On April 10, 2014, the plaintiff filed a note of issue and certificate of readiness. However, by order dated June 10, 2015, the Supreme Court vacated the note of issue after it was reported that significant discovery remained outstanding, and the action was "restored to pre-note of issue status before the initially assigned IAS justice." However, the action was subsequently marked "disposed."
By notice of motion dated May 11, 2016, the plaintiff, represented by new counsel, moved to restore the action to active status, in effect, to vacate the "disposed" marking, and to extend his time to serve and file a note of issue. In an order entered September 15, 2016, the Supreme Court denied the motion, and the plaintiff appeals.

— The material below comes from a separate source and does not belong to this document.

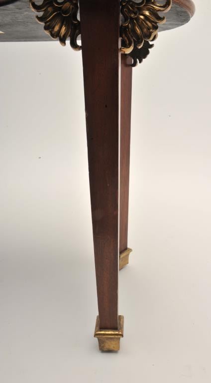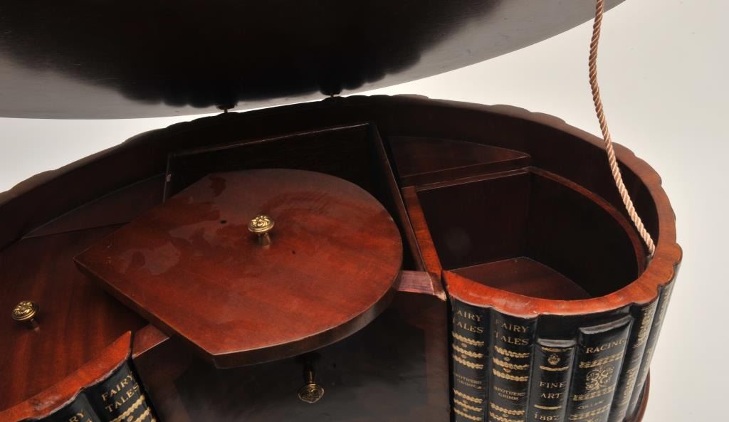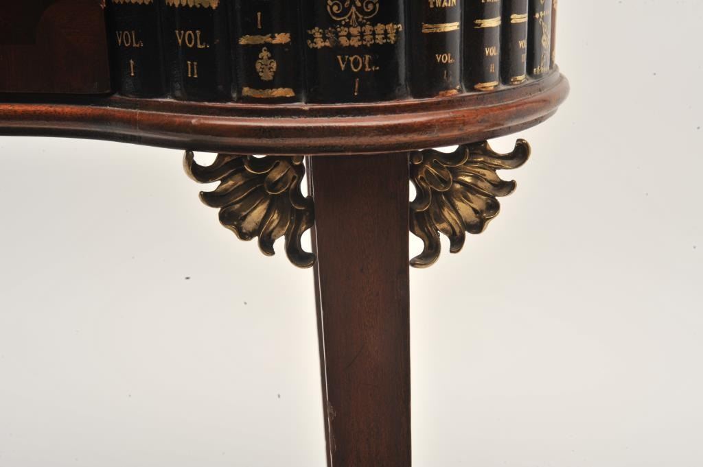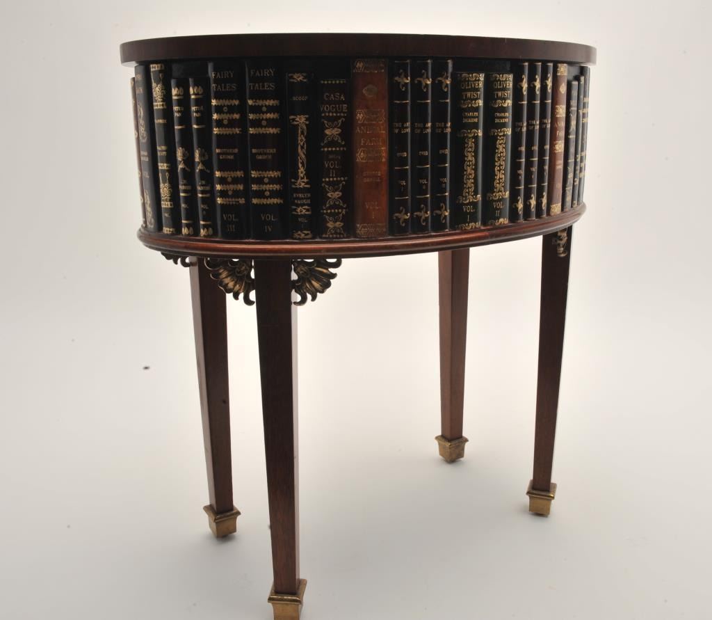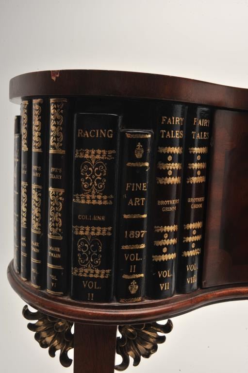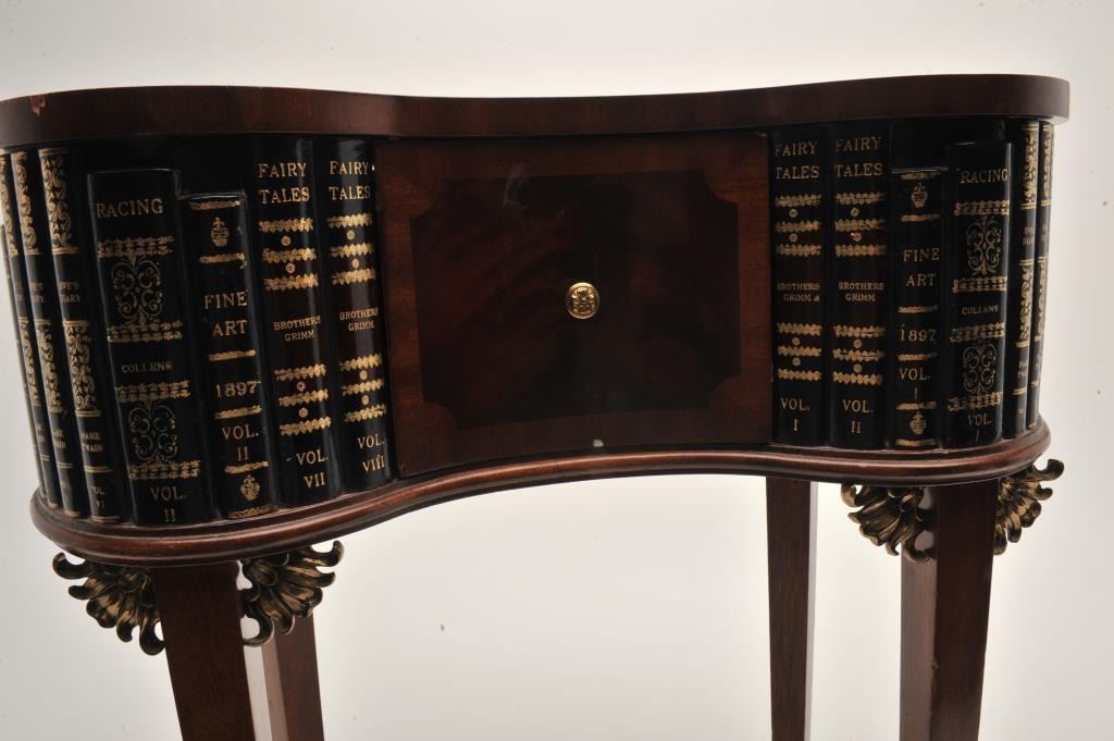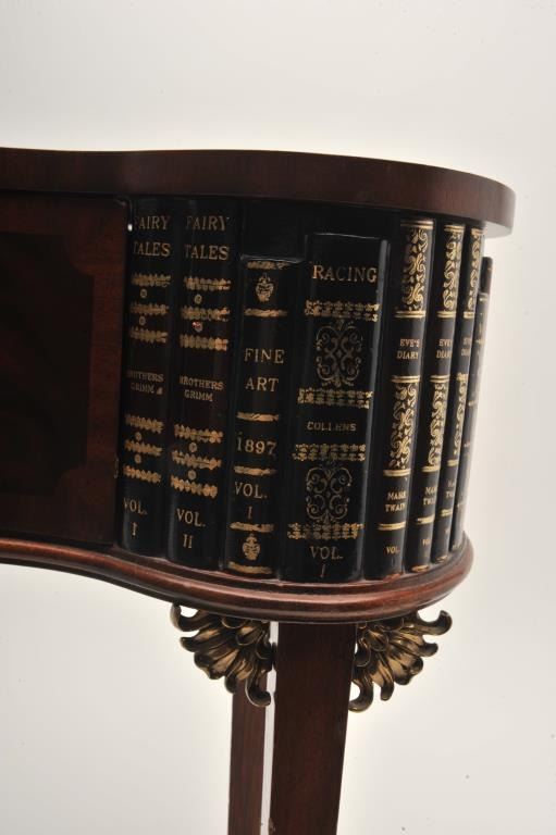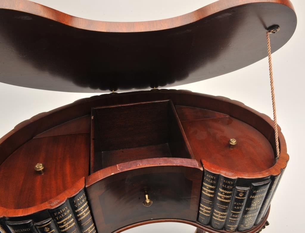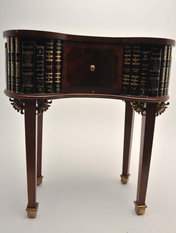 Modern Maitland Smith library table, approximately 25” in height, 24” wide and 14” deep with pull out center drawer, lift table top that exposes two covered compartments; very good condition. Est.: $50-$100.

The defendant erroneously characterizes the plaintiff's motion as seeking to reinstate the note of issue and restore the action to the trial calendar (see 22 NYCRR 202.21[f]). Rather, the plaintiff moved, inter alia, to restore the action to active status and, in effect, to vacate the "disposed" marking. In light of the Supreme Court's order dated June 10, 2015, vacating the note of issue and restoring the action to pre-note of issue status, the subsequent "disposed" marking was tantamount to a purge or mark off of a pre-note of issue case (see Khaolaead v Leisure Video, 18 AD3d 820, 821), which is not permitted (see Florexile-Victor v Douglas, 135 AD3d 903; Arroyo v Board of Educ. of City of N.Y., 110 AD3d 17, 19; Rakha v Pinnacle Bus Servs., 98 AD3d 657; Casavecchia v Mizrahi, 62 AD3d 741, 742; Lopez v Imperial Delivery Serv., 282 AD2d 190, 193-194). Therefore, those branches of the plaintiff's motion which were to restore the action to active status and, in effect, vacate the "disposed" marking should have been granted (see Khaolaead v Leisure Video, 18 AD3d at 821).
By restoring the action to pre-note of issue status, the order dated June 10, 2015, also, in effect, extended the plaintiff's time to file a note of issue. Accordingly, that branch of the plaintiff's motion which was to extend the time to serve and file the note of issue should have been denied as unnecessary.